The effectiveness of TKIs in cancer therapy provides strong support for the idea that individual tumors can be dependent on a single activated tyrosine kinase. However, there is also emerging evidence for redundancy among driver RTKs in cancer, such that inhibition of one tyrosine kinase may result in upregulation or activation of a second RTK that can serve the same function [34
]. This suggests that the use of combinations of TKIs or multikinase inhibitors may be more effective. The “addiction” of cancers to specific signaling pathways is now being explored by screening the sensitivity of large numbers of tumor cell lines to approved protein kinase inhibitors [36
]. In general, the most sensitive lines prove to contain activating mutations in the target kinase. For instance, the NSCLC cell lines most sensitive to erlotinib have activating EGFR mutations, and the melanoma, thyroid, and colorectal carcinoma lines sensitive to a RAF inhibitor have mutant B-RAF [36
]. Kinome-wide resequencing studies on large numbers of tumor cell lines and primary tumors have become another avenue for pinpointing mutant kinases driving the tumor phenotype that have not previously been implicated in cancer [37
]. The use of phosphoproteomic analysis of P.Tyr-containing peptides also has the potential to uncover activated tyrosine kinases in cancer [40
]. Finally, kinome-wide siRNA screens of tumor cell lines harboring defined oncogenic mutations for protein kinase dependence are yielding interesting and distinct patterns of kinase dependency that highlight essential signaling pathways and provide kinase targets for inhibition that may not necessarily be mutant in the cancer [41
Despite the success of the first generation of TKIs , resistance to the drugs is a frequent event, and in the great majority of cases this is found to be due to point mutations within the catalytic domain that render it resistant to inhibition. This has been particularly well worked out in the case of imatinib-resistant CML, where a large number of point mutations that render BCR-ABL resistant to imatinib has been identified through sequencing [46
]. The most common is T315I, a mutation in the so-called gatekeeper residue, which blocks imatinib binding to the catalytic cleft because the bulkiness of the Ile side chain results in a steric clash. Mutation of the equivalent residue in EGFR, T790, to Met also commonly underlies the resistance of NSCLC with mutant EGFR [47
] to treatment with the EGFR inhibitor erlotinib [49
]. The propensity of tumors to generate resistant variants due to their genetic instability has demanded the generation of TKIs that can inhibit the mutant forms (e.g. sunitinib for imatinib-resistant GIST, and dasatinib and nilotinib for imatinib-resistant CML). In addition, prospective studies are now routinely carried out to determine what sort of mutations will render a target tyrosine kinase resistant to an inhibitor that is in clinical trials, so that a head start on developing second generation inhibitors can be made. In practice, it may prove beneficial to start therapy with a combination of inhibitors targeting the same tyrosine kinase, analogous to triple therapy for HIV, to reduce the chances of the tumor developing a resistant form of the kinase.

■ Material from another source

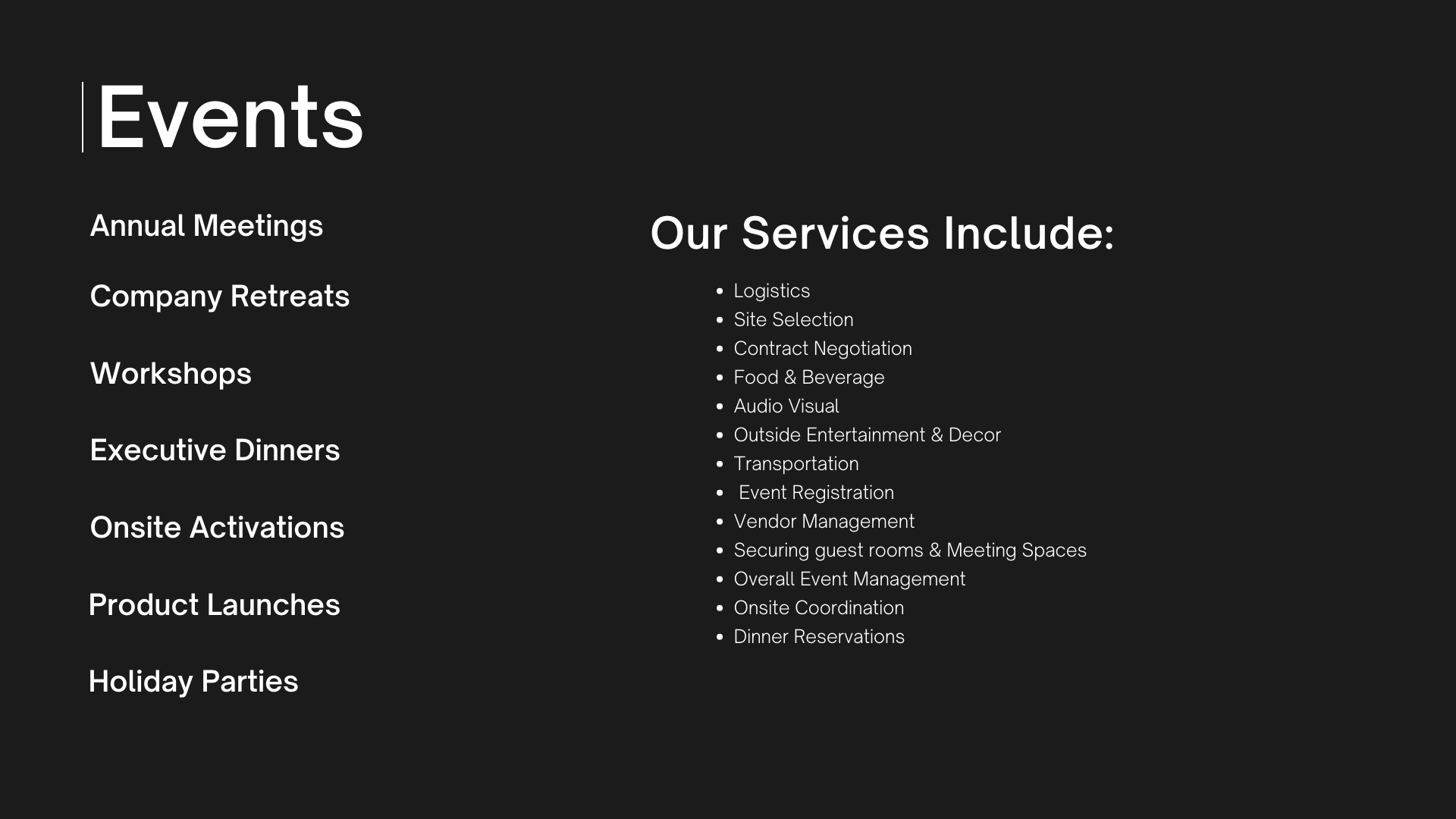 Our mission is to tell your story and meet your objectives through storytelling. An event is a blank canvas to draw your attendees in and create an impression that is long lasting.

Looking forward, we can expect continuing development of second generation TKIs to circumvent the problem of resistance to first generation compounds. Allosteric inhibitors, which interact with sites outside the kinase domain catalytic cleft, are likely to become commonplace. In this regard, small molecule inhibitors that interact with the extracellular domains of RTKs and prevent dimerization are likely to be developed. Molecular diagnosis of individual tumors for activated tyrosine kinases will be used to define which TKIs to use for treatment. For therapeutic purposes, we need to learn how to use TKIs in the right combination with other signal transduction inhibitors, and with chemotherapeutic drugs, and to optimize dosing and scheduling to treat cancers more effectively. It will also be critical to elucidate the rules underlying the crosstalk and feedback mechanisms that lead to activation of redundant tyrosine kinase pathways upon inhibition of a single tyrosine kinase in cancer. Undoubtedly, TKIs will also be approved for use in the treatment of other types of disease, e.g. inflammatory and immune-related conditions, although this raises issues about the safety profiles appropriate for long term use of TKIs.